== Problem ==
I need the lines from the one holding "Εικόνα 7: Δεξιά όψη νηπιαγωγείου" to the last line of the data below repeated exactly, both included, without pictures.

== Source records ==

⟨

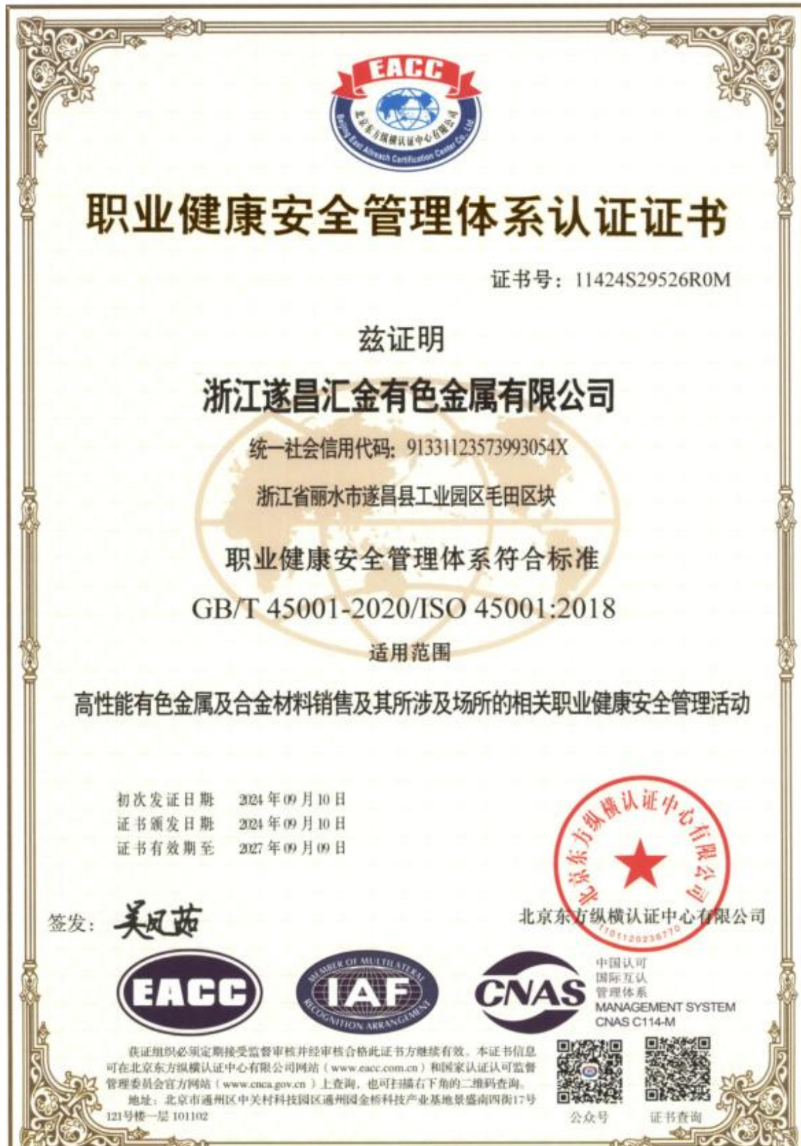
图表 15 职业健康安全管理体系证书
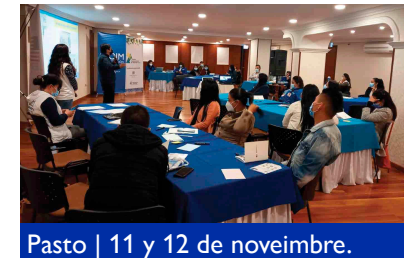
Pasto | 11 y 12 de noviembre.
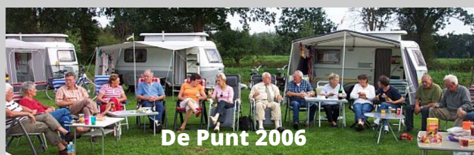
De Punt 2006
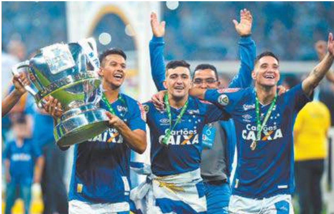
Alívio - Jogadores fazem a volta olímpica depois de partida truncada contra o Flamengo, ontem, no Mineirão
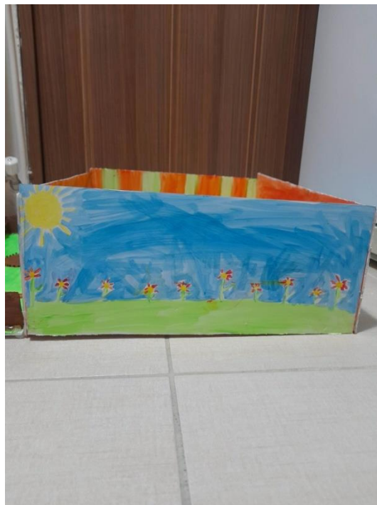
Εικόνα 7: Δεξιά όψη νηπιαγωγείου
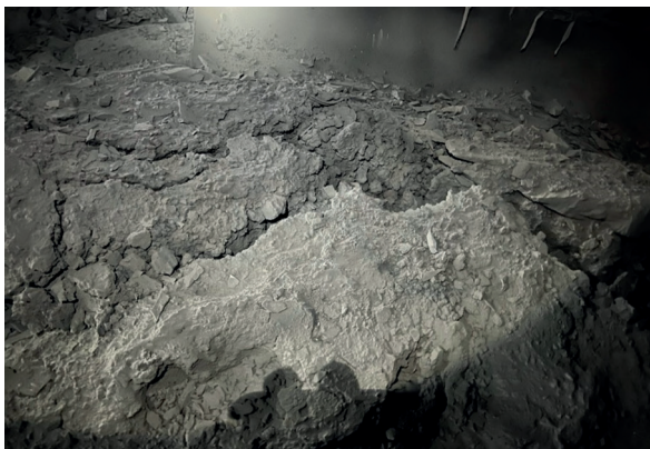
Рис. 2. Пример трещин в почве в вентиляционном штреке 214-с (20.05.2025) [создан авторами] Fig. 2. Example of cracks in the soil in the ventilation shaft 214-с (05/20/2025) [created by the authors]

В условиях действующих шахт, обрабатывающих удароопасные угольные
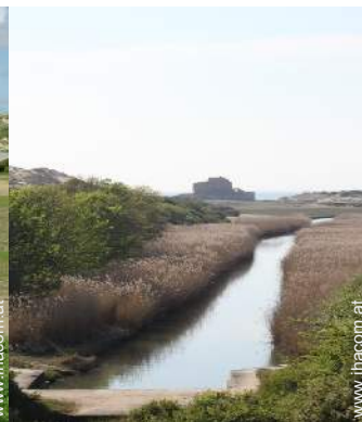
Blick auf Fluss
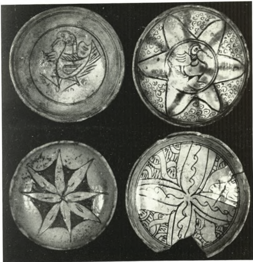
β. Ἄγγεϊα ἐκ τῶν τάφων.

⟩

== Exercise answer ==
Εικόνα 7: Δεξιά όψη νηπιαγωγείου
Рис. 2. Пример трещин в почве в вентиляционном штреке 214-с (20.05.2025) [создан авторами] Fig. 2. Example of cracks in the soil in the ventilation shaft 214-с (05/20/2025) [created by the authors]

В условиях действующих шахт, обрабатывающих удароопасные угольные
Blick auf Fluss
β. Ἄγγεϊα ἐκ τῶν τάφων.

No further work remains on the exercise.